Zygmont began to move forward with Setsun, but first he needed a semi-permanent place to hang his toque: “I looked for a space that didn’t offer dinner service, and I found Sky Blue Cafe two blocks from where I live. It all happened pretty quickly. I sent an email to [Sky Blue’s info] address, and the owner Chad [Stuible] responded the next day. We took a quick tour together and agreed that I would rent it Friday through Monday. Chad is really the unsung hero of the whole story. Without him, this wouldn’t exist in the current space.”
That current space is at Vandyke Bed & Beverage, the boutique East Nashville hotel where Zygmont has taken over the food program on a permanent basis.

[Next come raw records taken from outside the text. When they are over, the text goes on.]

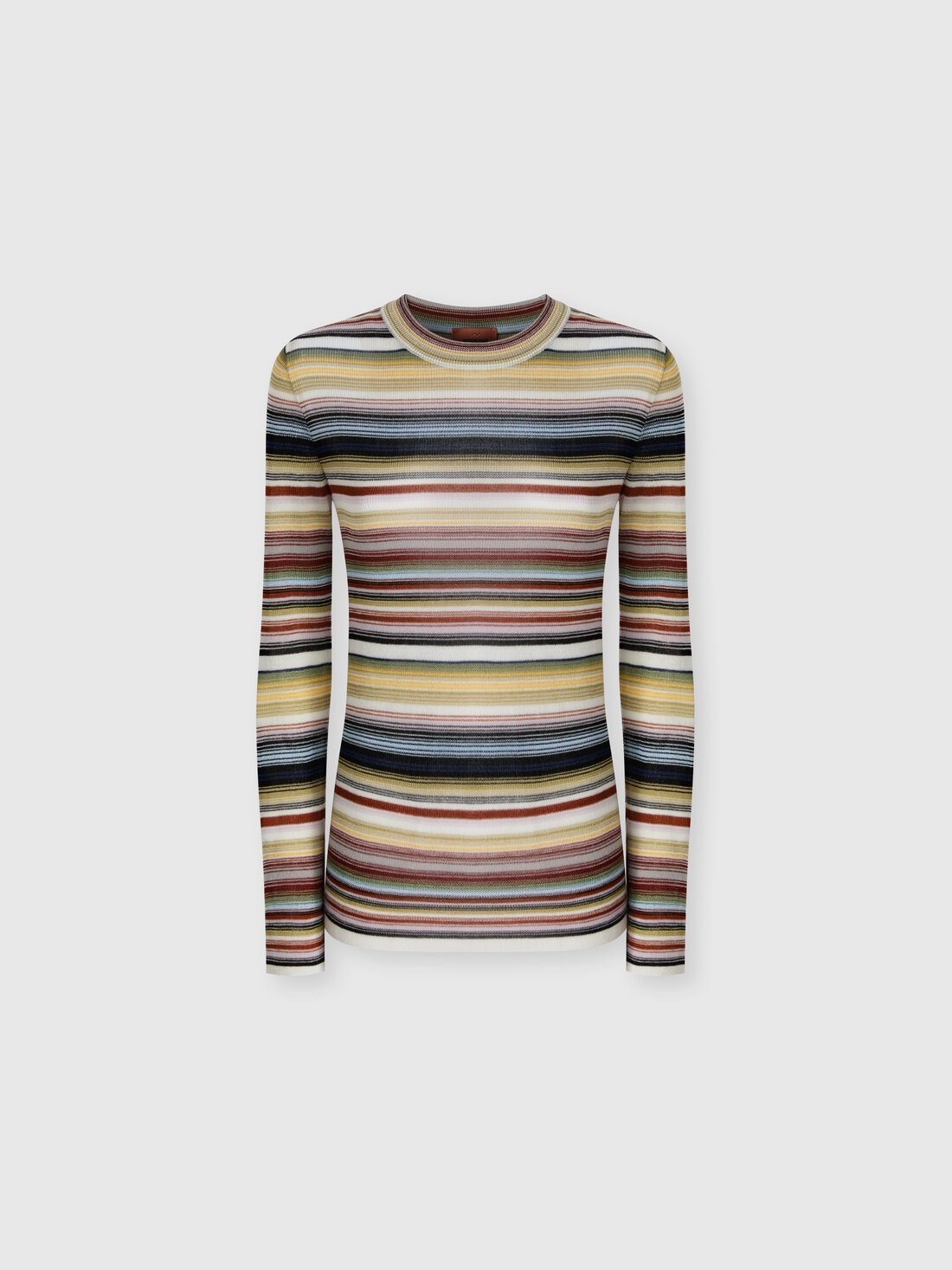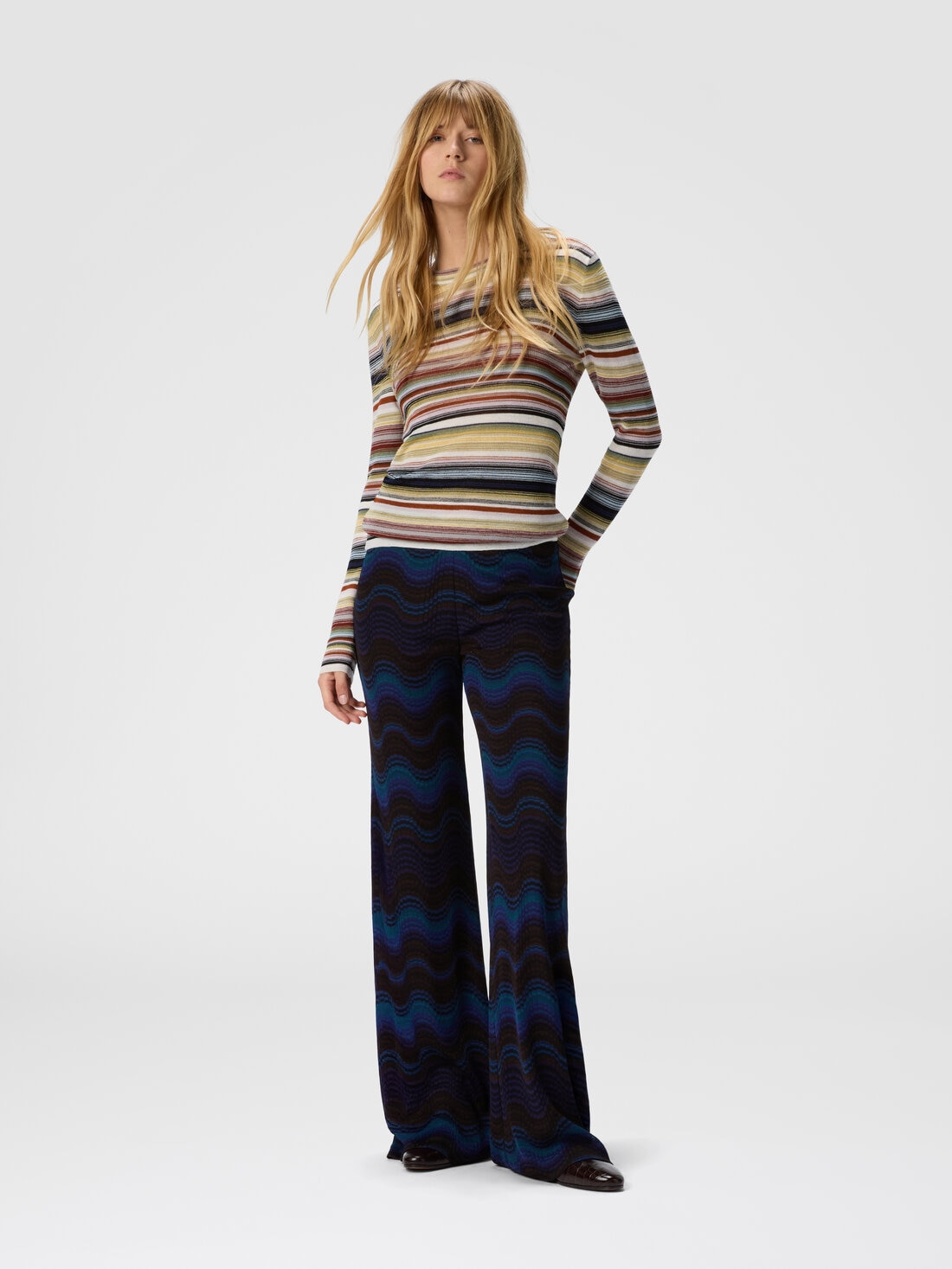 A contemporary reinterpretation of knitwear, designed for those who value both simplicity and personality. This women’s crewneck sweater is crafted in a wool-viscose blend. Its fluid construction reflects Missoni’s craftsmanship, resulting in a piece that fuses comfort, style, and identity into a clean, graphic statement.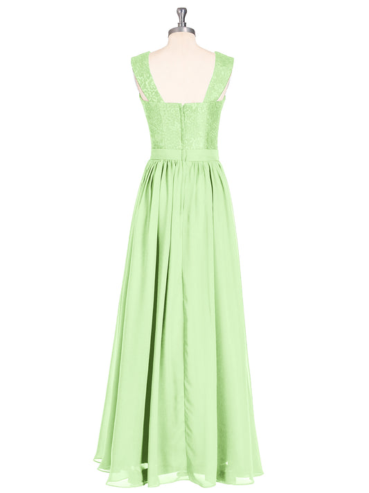 Babaroni VivienVivien Hombro Tirante Encaje Y Gasa Largo Vestido Salvia
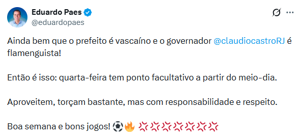 “Ainda bem que o prefeito é vascaíno e o governador Claudio Castro é flamenguista! Então é isso: quarta-feira tem ponto facultativo a partir do meio-dia. Aproveitem, torçam bastante, mas com responsabilidade e respeito. Boa semana e bons jogos!”, primeiro postou Paes.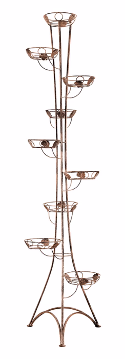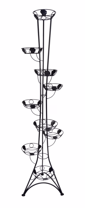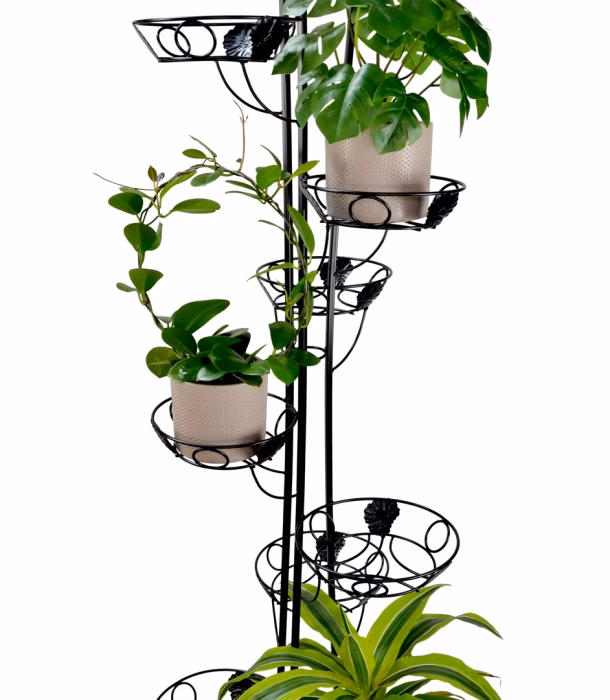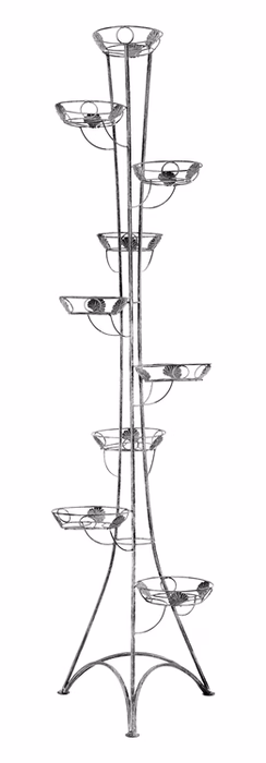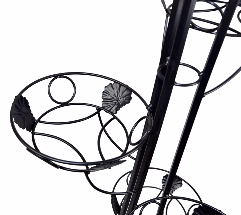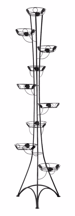 Interior decorations / Plant stands / Forged plant stands – large - Standing tall flowerbed for 9 plants The product presented here is an aesthetically pleasing flowerbed, making it possible to create a charming vertical plant composition. Due to its large size, it will fill any empty space in the room to the maximum. The design of this flowerbed provides space for many pots. The product is characterised by simplicity and classicism, but when combined with hanging and colourful plants, it looks exceptional. It allows a cosy and carefree atmosphere to be introduced into the interior. The flowerbed by the pot holders has a beautiful decoration, adding elegance and style not only to the product, but also to the entire room. Plants are one of the favourite and most frequently chosen decorative elements, and in combination with the universal flowerbed model they form a perfectly presentable whole. This model allows flower pots to be arranged asymmetrically in an interesting way.
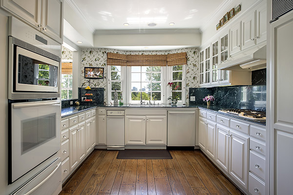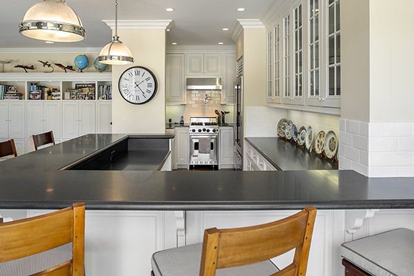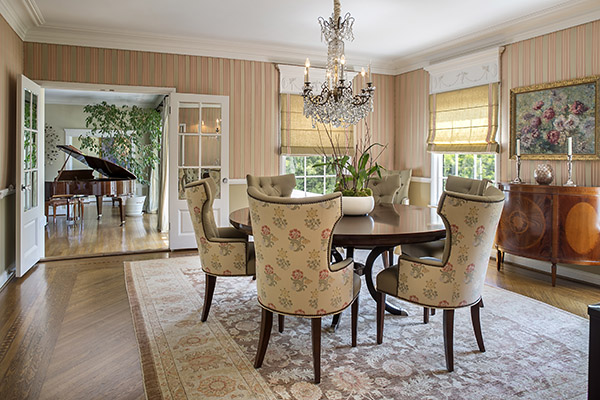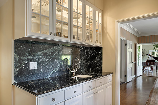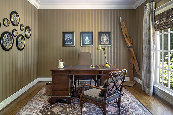 Off the foyer is a handsome study. An expansive formal dining room, amply sized for larger dinner parties, and the sunny kitchen and breakfast area all enjoy the same vistas. There’s also a dream butler’s pantry with walk-in storage and a housekeeper’s or guest’s bedroom and bath.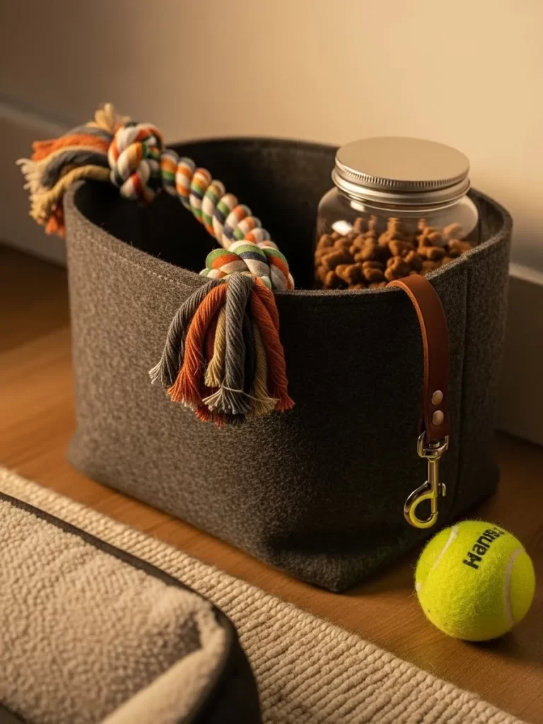 Pet toys and leashes can easily get scattered across the living room floor. This project uses a soft felt bin to keep your dog’s favorite ropes and tennis balls in one spot. A glass jar with a metal lid keeps treats fresh and prevents them from spilling.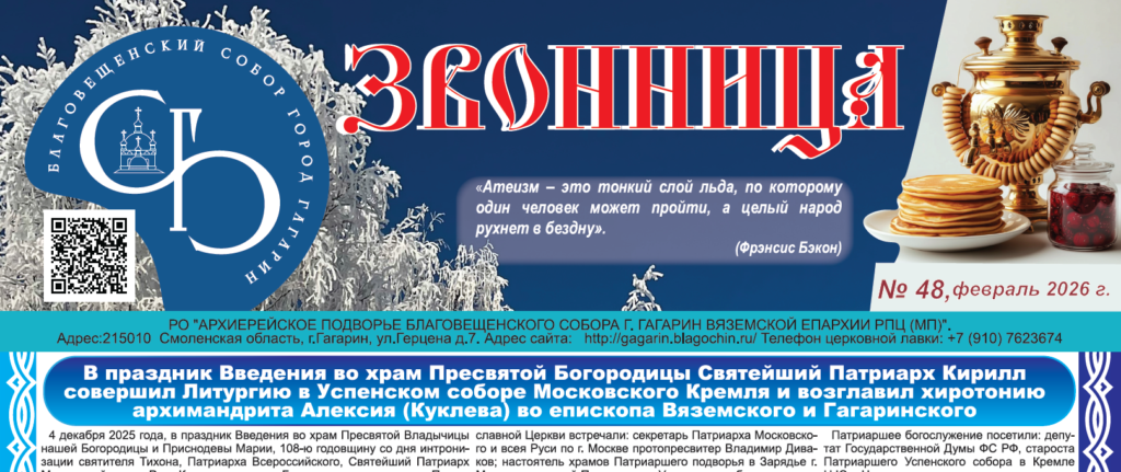 8 февраля 2026 года, в Неделю о блудном сыне, в день памяти Собора новомучеников и исповедников Церкви Русской, в Благовещенском соборе города Гагарин состоялась Божественная литургия, которую совершил благочинный церквей Гагаринского округа архимандрит Александр (Карпиков).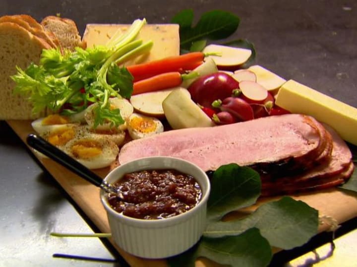 Ploughman's lunch is a meal that is made with bread, cheese, and pickles and can include sliced ham. It is often served on a wooden board in British pubs. Best when served with a glass of beer.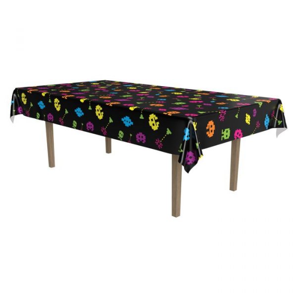 Brightly colored 8-bit arcade invaders from space on a black background. Since this product is plastic, it makes for an easy clean up.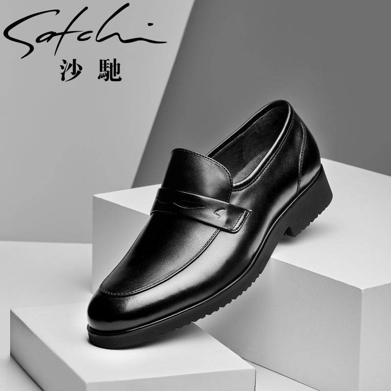 新款 一脚蹬真皮乐福鞋 软底透气英伦商务正装 休闲皮鞋 男士 沙驰男鞋

After a year of working out of the Sky Blue kitchen creating an innovative menu of exotic vegetable-centric dishes ingeniously paired with natural wines, the chef was looking for a change. “The first three months of doing the pop-up was the hardest job I ever had,” he says. “I was cooking, doing the accounting, PR, HR and social media. We had to do all our prep work off site, so we essentially operated like a caterer. We were really flying by the seat of our pants.”
When the opportunity arose to plant roots at Vandyke, Zygmont jumped at the chance. “It’s a nicer space in the middle of Five Points with better foot traffic,” he says.
Setsun opened up for business the evening of March 2, a date with great significance. “We had one night of service and then went home to find out that a tornado had hit,” explains Zygmont. “And then, the global pandemic. To call it a setback would be an understatement.”
Since reopening in June, Setsun has provided an extra benefit to the landlords at Vandyke. Without a food program, they could not operate as just a bar under current regulations, denying hotel guests that amenity and the owners that revenue. Now the bar, which is operated by Vandyke while Setsun concentrates on the kitchen, can be open whenever Zygmont is serving dinner — from 5-10 p.m., plus during Sunday brunch service.
Carryout has become an important part of Setsun’s business. “I’m wary of sending some things to go,” Zygmont admits. “I’m not doing oysters for carryout, and you have to be aware that the chocolate souffle will basically be a chocolate brownie when it arrives. I didn’t get into this business to dump noodles into a brown paper box, but if you want it, I’ll cook you the best damned to-go food you’ve ever had!”
Zygmont is realistic about his current situation. “We’re essentially trying to survive this moment, treading water, but I count myself as very lucky,” he says. “We’re just trying to be safe and do what we love.”